The expensive mistake I keep seeing in 2026 is organizations hardcoding a single model vendor into the core of their AI workflows, then discovering the switching cost the hard way when prices move, a better model ships, or a compliance requirement forces some traffic onto local hardware. The model layer is the fastest-moving, least-durable part of your stack. Welding your business logic directly to it is like pouring your foundation around a rental car.

llm embodies the opposite instinct, and it is the right one regardless of whether you ever run Willison's tool in production. Treat model providers as interchangeable plugins behind a stable interface. Express your real capabilities — query this database, call this internal API, run this calculation — as tools that any model can invoke. Then the question "which model?" becomes a procurement decision you can revisit every quarter, not an architecture decision you are stuck with for years. When gpt-5.5 shipped, an llm user adopted it by changing a model name. That is the agility you are actually buying when you insist on a clean abstraction.

You do not need a platform team to learn this lesson. You need to internalize that the durable part of an AI system is the boundary between your logic and your models — and that a single developer, building small tools in the open on top of SQLite and a plugin interface, has already drawn that boundary in a way most enterprise roadmaps are still catching up to.

It rarely trends. It just quietly becomes the thing everything else is built on.

Frequently asked questions

What is the llm command-line tool?

It is an open-source command-line program and Python library, created by Simon Willison in 2023, for interacting with large language models from your terminal. It treats each model provider — OpenAI, Anthropic, Google Gemini, local models via Ollama, and others — as a swappable plugin, so the same scripts and commands work across vendors.
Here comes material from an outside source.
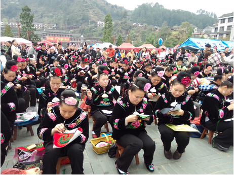 據了解,本屆刺繡大賽從九月份開始籌備,來自雷山縣8個鄉鎮的1000名繡娘經過海選后,前百強繡娘進入決賽。大賽采用統一的天鳥、飛龍、鮮花圖案,統一的平繡、縐秀、雙針秀的刺繡方法進行評選爭奪“十佳繡娘”稱號。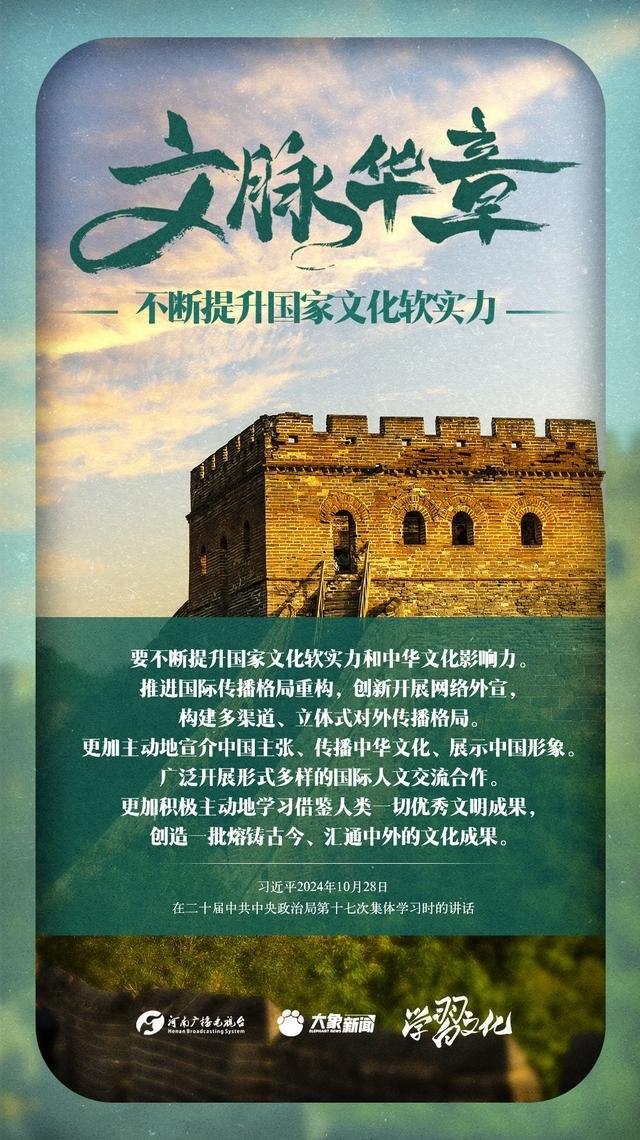 文化軟實力集中體現(xiàn)了一個國家基于文化而具有的凝聚力和生命力,以及由此產(chǎn)生的吸引力和影響力。黨的十八大以來,習近平總書記站在黨和國家事業(yè)發(fā)展全局的戰(zhàn)略高度,就提高國家文化軟實力闡發(fā)了一系列重要論述。我們一起學習。

It originated as a companion to his Datasette project.

What did llm 0.26 add, and why does it matter?

Released on 27 May 2025, llm 0.26 added tool support — the ability to let a model call any capability you can express as a Python function. Tools let a model run real code, query data, or perform calculations instead of guessing at the answer. Mechanically, this is the same loop that powers "AI agents," delivered inside a Unix-style command-line utility rather than a hosted platform.
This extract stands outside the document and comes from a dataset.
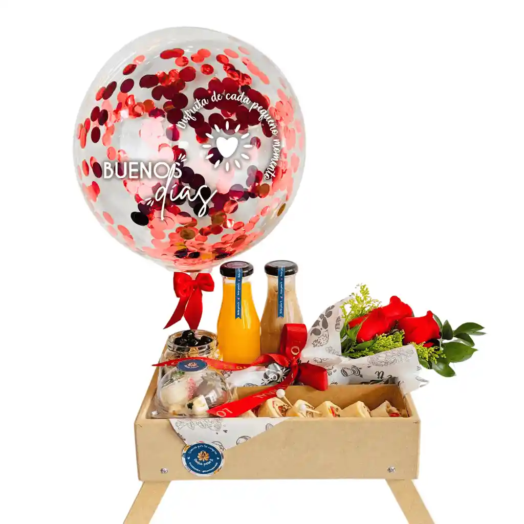 Desayuno Admirador Una propuesta elegante y romántica para sorprender en cualquier ocasión 🌹. Incluye jugo de naranja 250 ml, bebida achocolatada, wraps de jamón, queso, lechuga y queso crema, fresas cubiertas con chocolate, parfait con yogur griego, frutos secos, fruta fresca, dulce de frutos rojos y semillas, bouquet de rosas, base en madera y globo burbuja. Si nos envías tu mensaje, te obsequiamos la tarjeta personalizada para expresar tus sentimientos de manera única ✨. REF: T02

How do you use tools in llm?

You load a named tool from a plugin with -T (or --tool), or paste ad-hoc Python directly with --functions. The --td / --tools-debug flag shows you exactly which tools the model called and what they returned. In the Python library, the chain() method runs the full loop: it spots the model's tool requests, executes them, and feeds the results back to the model automatically.

Which models and tools does the plugin ecosystem support?

There are two layers. Model-provider plugins teach llm how to talk to a backend; at the 0.26 announcement, seven of these supported tools: OpenAI, Anthropic, Gemini, Mistral, Ollama, llama-server, and GitHub Models. Separately, tool plugins provide the capabilities models can call — early ones included llm-tools-simpleeval (math), llm-tools-quickjs (sandboxed JavaScript), llm-tools-sqlite (read-only SQL), llm-tools-datasette (remote Datasette queries), and llm-tools-exa (web search).

Does llm keep up with new frontier models?

Yes, and its changelog is the evidence. It added o3-mini with a reasoning_effort control in version 0.21 (January 2025), the gpt-5 / gpt-5-mini / gpt-5-nano family in 0.27 (August 2025), the gpt-5.4 family in 0.29 (March 2026), and gpt-5.5 in 0.31 (April 2026). New models slot in as new plugin code rather than requiring a rewrite.

What should an executive take away from this?

The model layer is the fastest-moving, least-durable part of an AI stack, so hardcoding a single vendor into your core workflows is a costly bet. llm's design — model providers as interchangeable plugins, capabilities expressed as portable tools — shows how to keep "which model?" a procurement decision you can revisit, rather than an architecture decision you are stuck with. You can adopt that principle regardless of whether you ever run llm itself.